I’m so glad that you asked this question. I tell my undergrads to read Roland Barthes’ Camera Lucida, which is sort of an ur-text in art history, like it is a poem. I never tell the faculty that I do this, because what they want is for the students to understand it, to “get” it, to map out the studium and punctum. That’s wrong. Academia always gets it wrong. Much of Barthes’ work is about being sad and queer and horny. In the case of Camera Lucida, he uses images and visuality alongside those feelings, not necessarily as illustrations of those feelings. Julia Kristeva, another philosopher whose work I think art history has wildly misread, does the same. This is what I want to do as well—to use language and vision in proximity to each other and to never reduce one to the other. Whether this is actually doable in a curatorial capacity remains to be seen. I hope people read the text and wonder if it has any relationship to the work I selected at all.
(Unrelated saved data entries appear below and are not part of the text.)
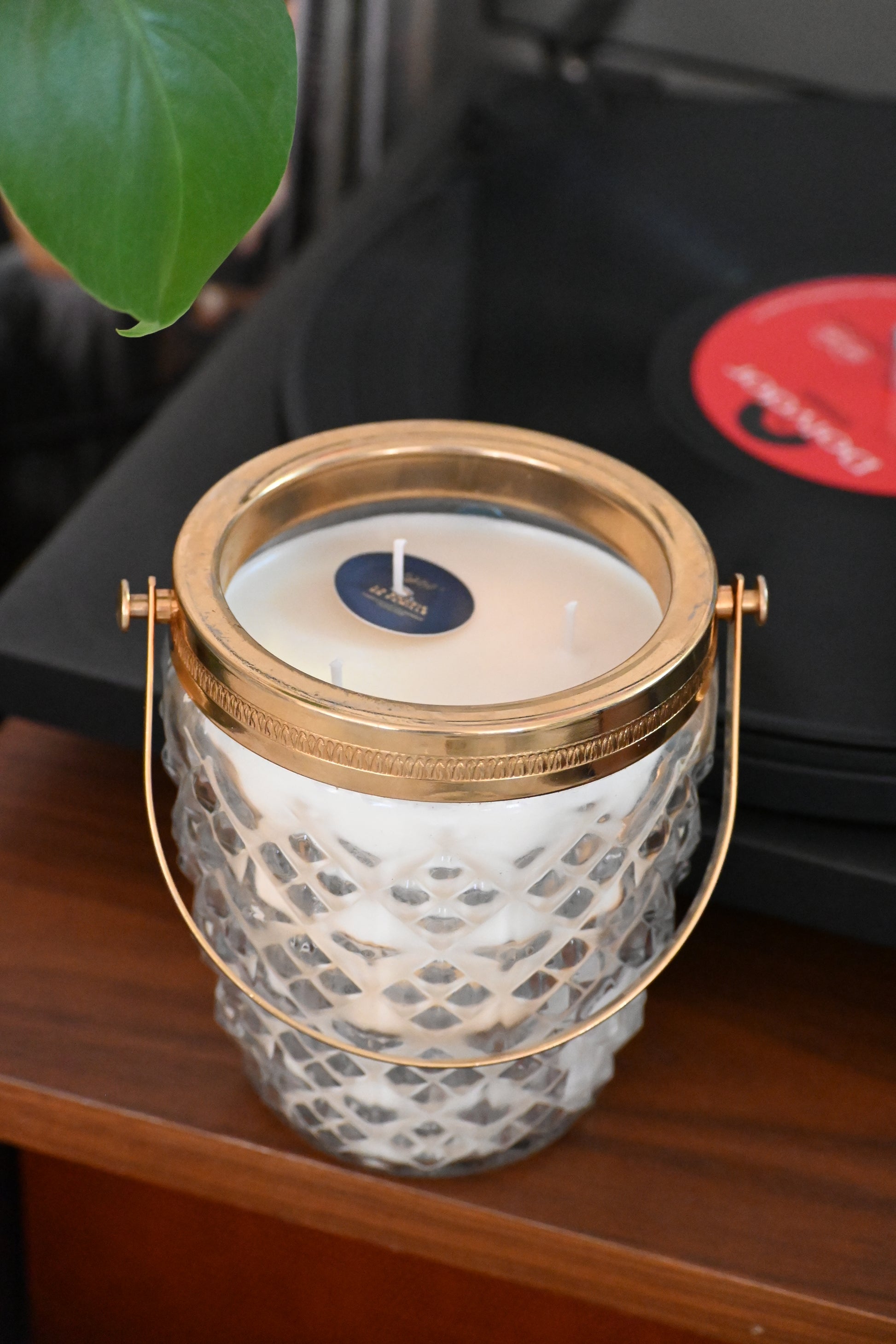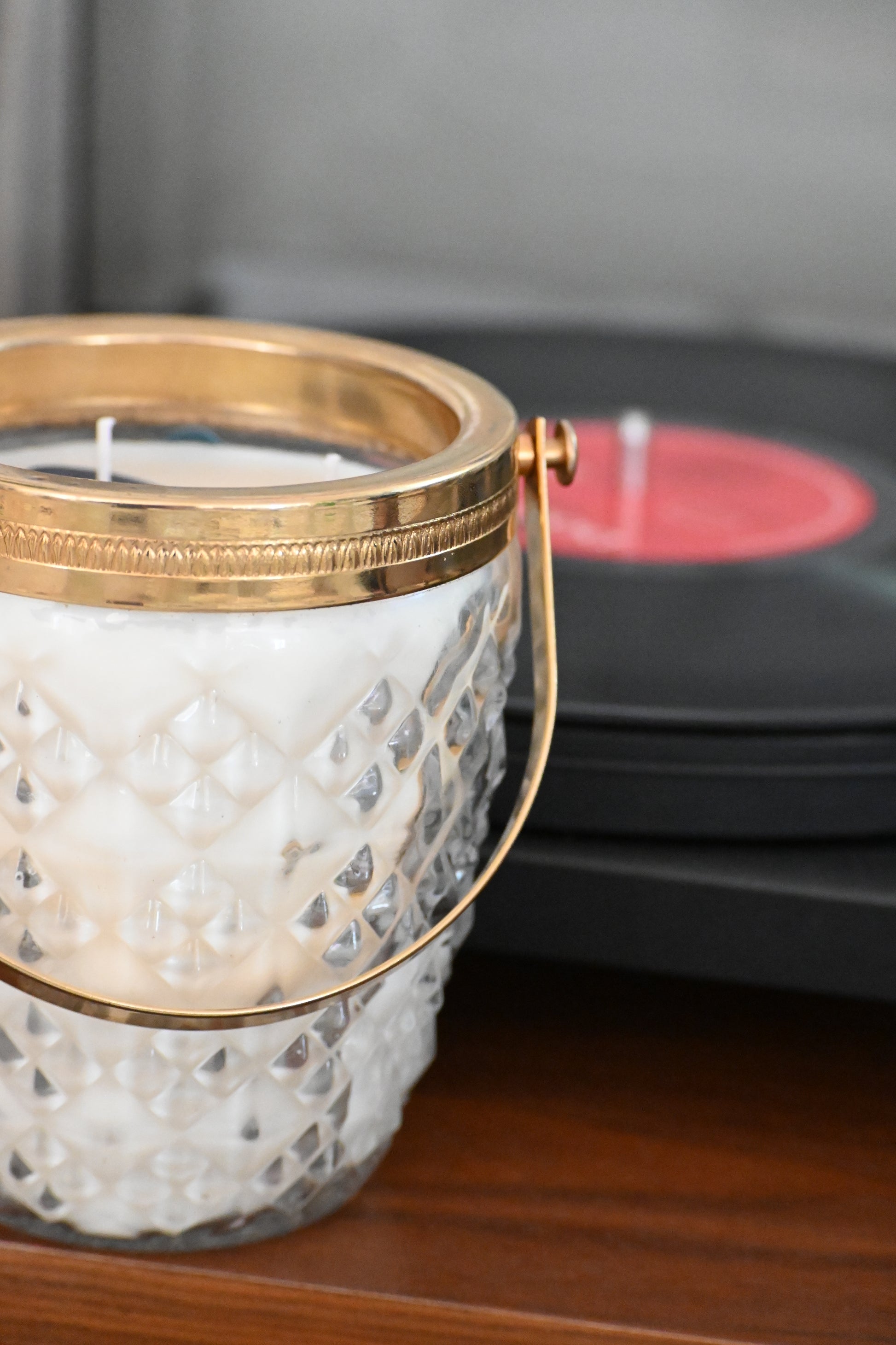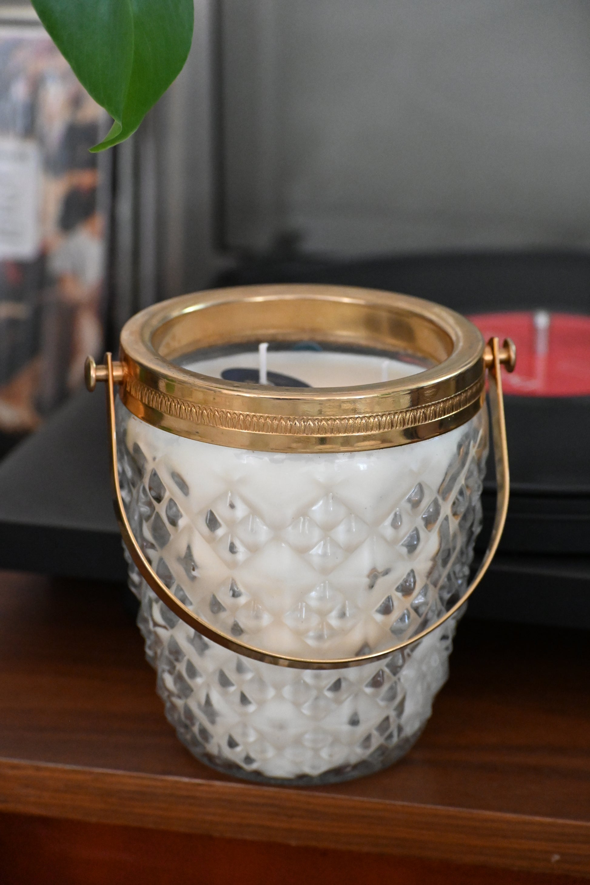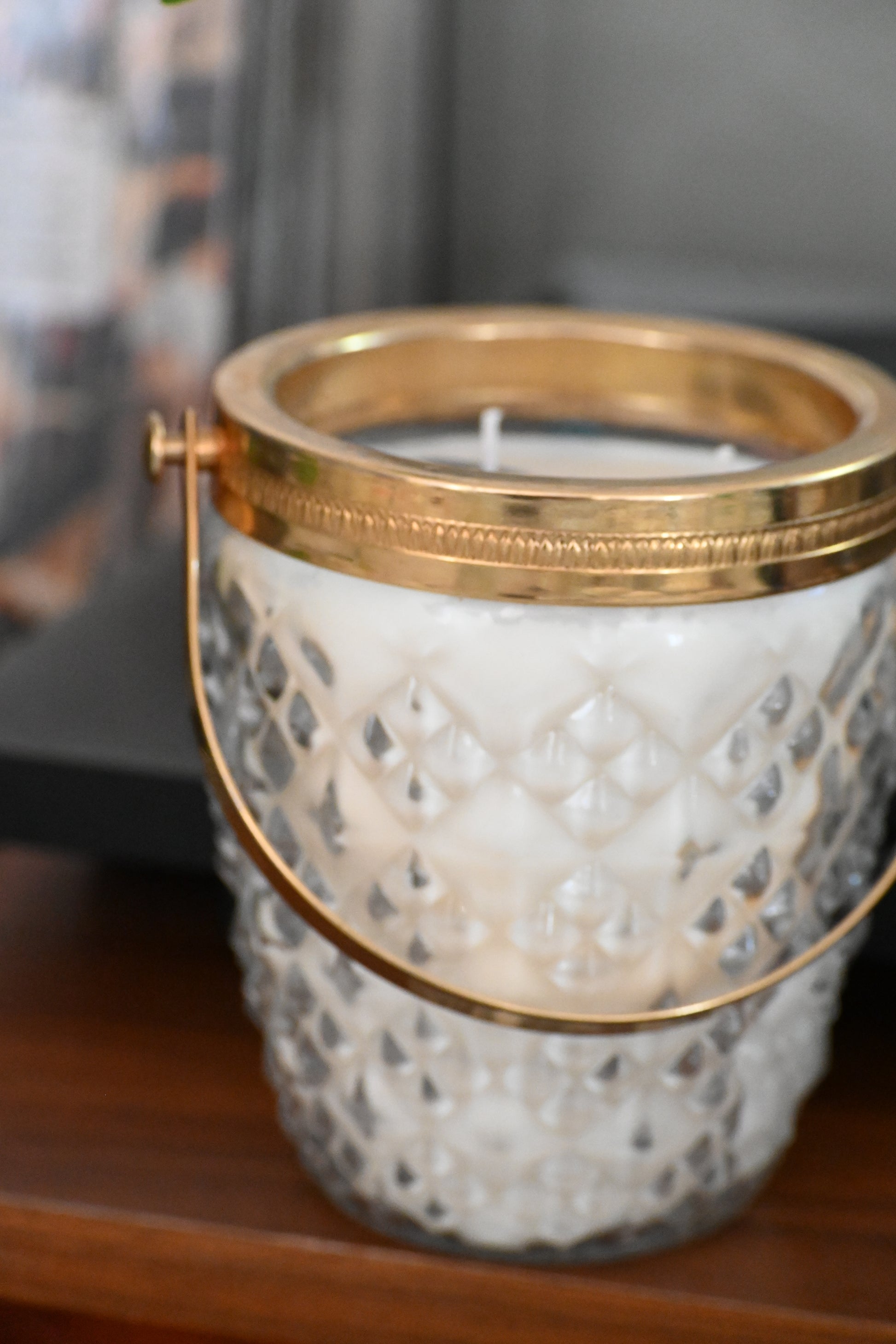 Bougie coulée dans un seau à glace en verre ciselé muni d'une anse dorée. Une pièce qui embellira vos jolies soirées.
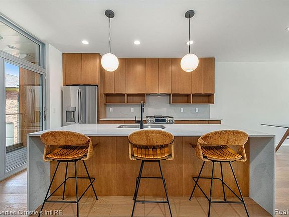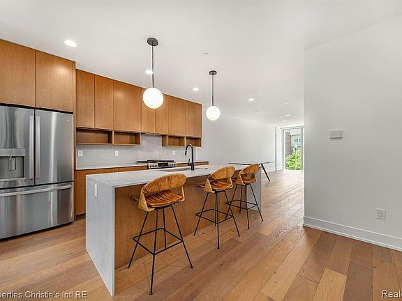 Rare opportunity to move into this luxury 4-story City Modern condo! Available for a November move-in. Many outdoor areas: front porch, 2nd floor balcony & 2 rooftop spaces with great views of the city! This 2 bedroom, 2 and 1 half bath Smarthome includes an attached 2 car garage! The light & airy design features floor to ceiling windows, hardwood floors, custom lighting & closets and touches of brushed gold & matte black throughout! The entry-level mud room has brick detail and step up to the open concept Dining, Great Room & Kitchen w/ a stunning glass wall feature over the staircase. The kitchen boasts stainless appliances, waterfall quartz island and countertops. The 3rd floor has a primary ensuite w/ 2 walk-in closets, triple vanity bathroom, guest bathroom and bedroom w/custom built-ins, laundry area and linen closet. The 4th floor holds a bonus entertaining space w/ wet bar & 2 outdoor decks! Located in Brush Park between Downtown & Midtown offers many conveniences out your front door!
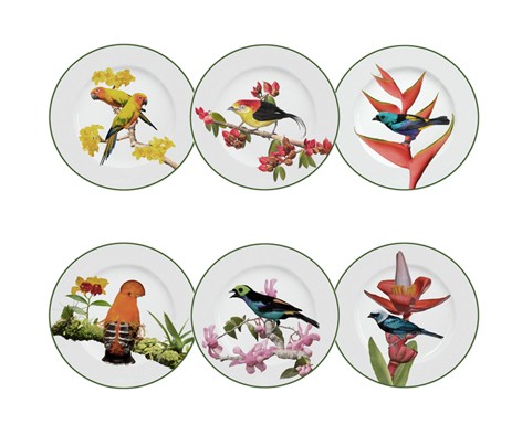 JOGO DE PRATOS PARA SOBREMESA MODELO AVES BRASILEIRAS – 6 PEÇAS
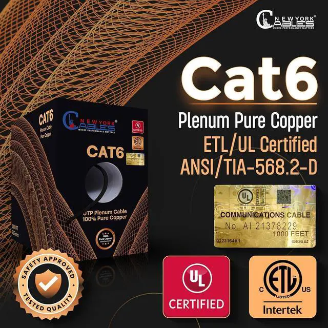 • & : Certified for plenum spaces, this Cat6 plenum 1000ft cable features a CMP-rated fire-retardant jacket, perfect for air ducts, ceilings, and areas requiring strict NFPA fire safety compliance. Fully UL & ETL certified, Cat6 CMP 1000ft cable meets all building inspection codes and is safe for residential and commercial installations.

I also hope that Lauren Berlant will read it and not be entirely repulsed that her words are being used in the context of an art fair.
You wrote, “We expect so much of art, of representation, and yet it cannot ever fully articulate the dreams we have for ourselves and society, creating thereby a state of endless oscillation between hope and despair,” which was apt, as I’m trying to finish a book chapter on the limits of representing the experience of invisible illness. As our culture increasingly grapples with demands of representation, how do you see the conversation about what can/can’t be represented playing out?
I can’t wait to read your text. I’ve always admired how you talk about illness and the body and movement. Illness is a fascinating context. I’m working on something about Félix González-Torres. In his work, illness is often read into it, as is the case with most artists associated with “AIDS art” – Jimmy DeSana, Peter Hujar, David Wojnarowicz, etc. González-Torres’s work is often discussed in terms of “infecting the canon” or even infecting our bodies, as with the candy sculptures. But this is a paranoid reading and not a reparative one. Such readings are steeped in negative affects. How can we get past those without forsaking radicality?
I think we are definitely in an anti-representational space in certain ways, and that concerns me. I’m glad that we are past the years of Ryan McGinley photographing cute white boys being passable queer art. Don’t get me wrong – that’s still going on with this new crop of white, gay painters who paint their boyfriends and Grindr dates. But I think the language now centers more forcefully on abstraction, and that anything abstract is inherently “queer” or “between binaries” or “radical” or what have you. That’s not the answer either. But everyone can do whatever they want. I think everyone has good intentions. And cancel culture is just fine with me. Some things just cannot be “represented” by certain people. Just don’t cancel me!
What are the benefits to a smaller, ancillary fair like Felix? / Did you get to take any risks you might not have at a larger fair?
I don’t know! Because I didn’t actually go to Felix last year! So it remains to be seen.